Monitoring Social Media using Machine Learning

Over the summer, professor Keith Vander Linden and Roy Adams from the Computer Science Department conducted a research on the Social License to Operate(SLO). The Social License to Operate (SLO) refers to a community’s level of approval towards a company’s operations. This community could contain stakeholders in the company, a geographic region within which a company operates, etc. A company needs permission from the government to operate, but they also need “social permission” to operate from the community. In Professor Vander Linden and Roy Adams analyzed data from the social media platform, Twitter in order to determine the SLO for different mining companies in Australia.

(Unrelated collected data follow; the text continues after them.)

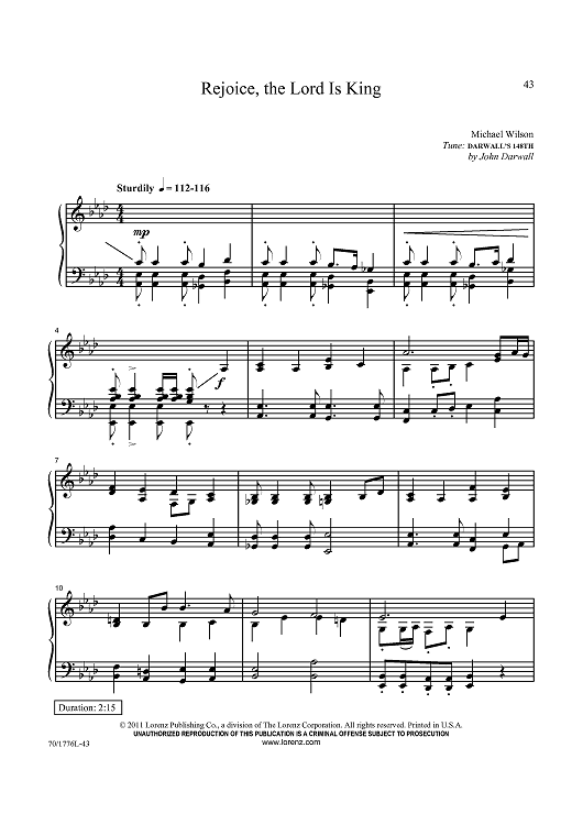 Digital Sheet Music for Rejoice, the Lord Is King by John Darwall, Michael Wilson scored for Piano Solo; id:433657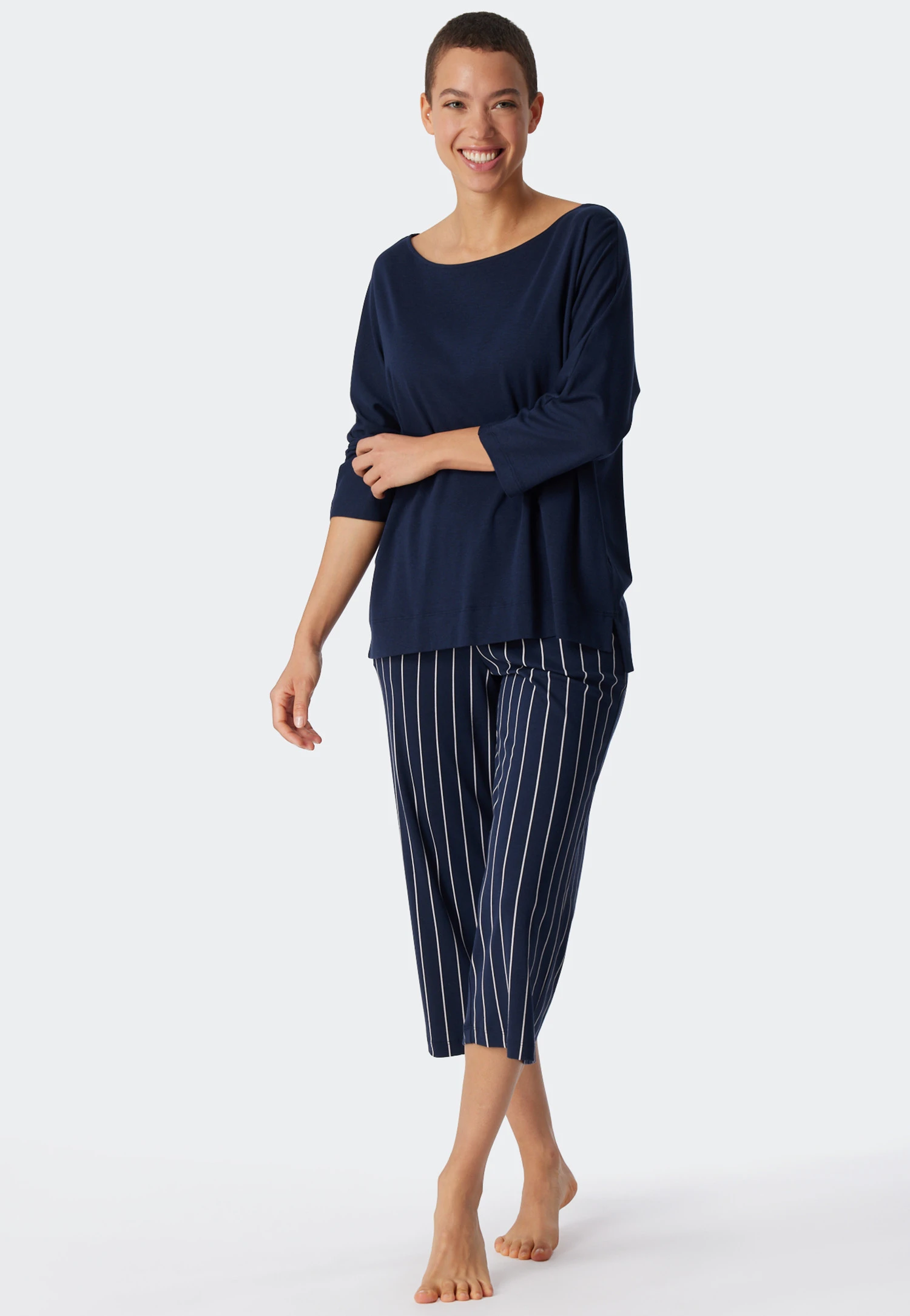 Stylish nightwear you won’t want to take off in the morning: These 3/4-length women’s pajamas impress with their casual look! The shirt is divinely comfortable with its oversized cut, batwing sleeves and slits on the side. The same is true of the striped pants that promise to be very comfortable with their wide Marlene cut, stretchy waistband and pockets on the side. The interlock fabric with cotton and natural, breathable modal feels wonderfully soft on the skin. Best SCHIESSER quality!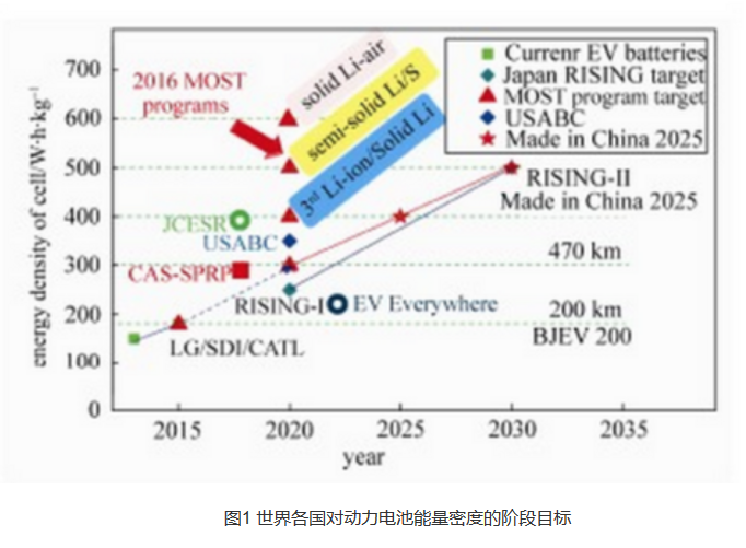 世界各國先后制訂的高能量密度鋰電池研發(fā)目標(biāo),均在積極地布局鋰硫電池、鋰空氣電池或鋰金屬電池等前瞻性技術(shù)。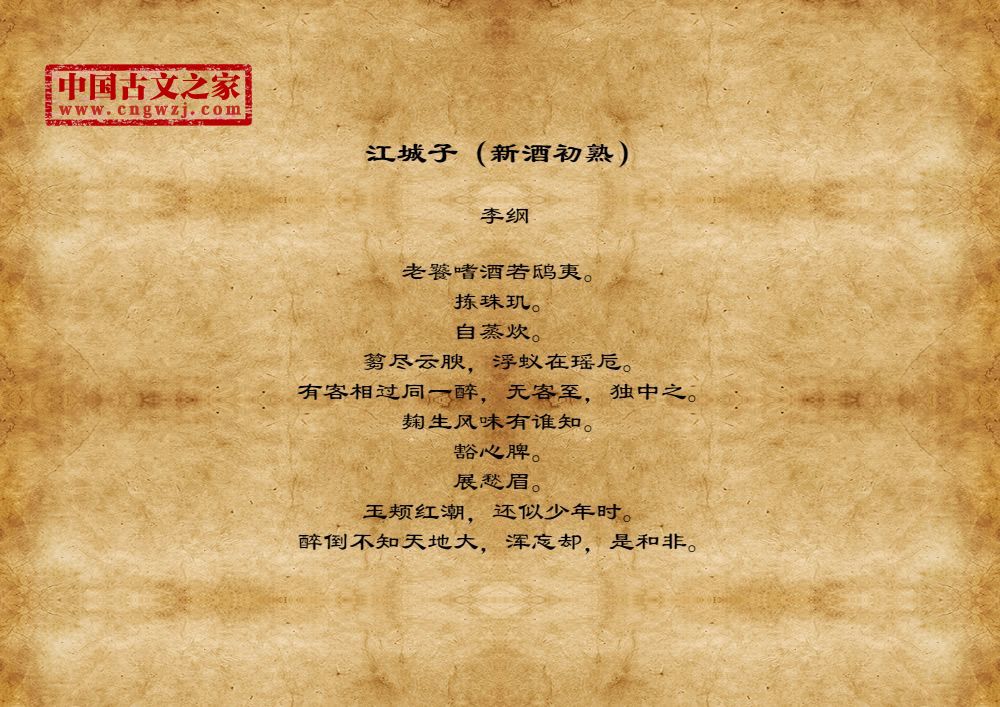 老饕嗜酒若鸱夷。拣珠玑。自蒸炊。篘尽云腴,浮蚁在瑶卮。有客相过同一醉,无客至,独中之。麹生风味有谁知。豁心脾。展愁眉。玉颊红潮,还似少年时。醉倒不知天地大,浑忘却,是和非。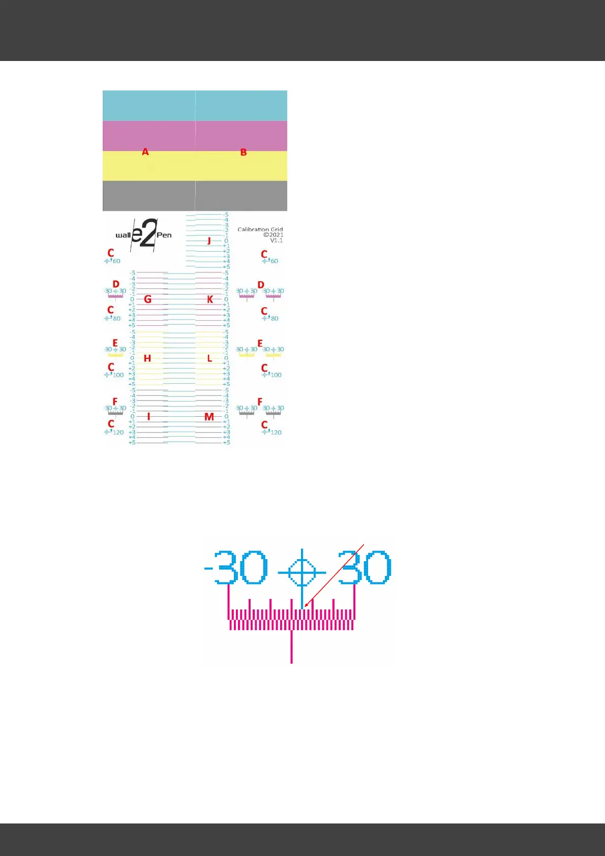 +/- 30 pixels at 300 DPI for Magenta (D),

They used a machine learning model to predict whether a particular tweet was in favor, in opposition or neutral to a given mining company.

Most of the work involved managing datasets. In machine learning, two unique datasets are required: one for training a model to classify tweets (a training set) and another for testing how that model is doing (a testing set). The team’s main job was to compile these two datasets.

When Twitter gives a tweet, the tweet is not labeled as for or against or neutral. The team’s training set required the tweet to be pre-labeled when they feed it into a model so that the model could learn how to classify new tweets.

According to the team, it was difficult to do that because training a computer to label tweets was the whole point of the project. The team could hand-label tweets, but that would have been expensive and time-consuming. Instead, Vander Linden and Adams tried to find tweets that they could automatically label as for or against a company. This process is called auto-coding. They devised a set of rules that they thought would return an accurate label, and then they applied those rules to their dataset to build the training set. An assumption they made was that even if they inaccurately labeled a tweet, the number of correctly labeled tweets would outweigh the number of incorrectly labeled tweets.

Because they treated the testing set as a “gold standard” to measure their model’s success, the testing set responded more strongly to errors in the labeling. Instead of using auto-coding to build the test set, they used hand-labeled tweets. They measured the accuracy of their predictions and how unified different coders were in their labeling. To further improve the accuracy of their test set, they removed all tweet instances where there was an inter-coder agreement of zero (in other words, there was no overlap).

The scoring metric that they used on their models is called an F-score. A score between 0 and 1 is calculated, and better results land closer to 1.

“Currently, we are hovering around the 0.6 mark, which we would like to get closer to 0.7. We have discovered that the text a user uses to describe him or herself can be beneficial to determine the stance of a user towards a target, making a difference of 0.1-0.3 in score,”  said Adams. “For example, one tweet in our data set responds to another tweet by energy giant Santos but does not reference the company’s policies. It is difficult to tell what this person thinks about the company from the text alone. However, this user’s profile has ‘Can’t eat coal or drink gas. Water is life!’ in it. This text reveals that this person is likely against coal and gas production, suggesting this tweet is against Santos.”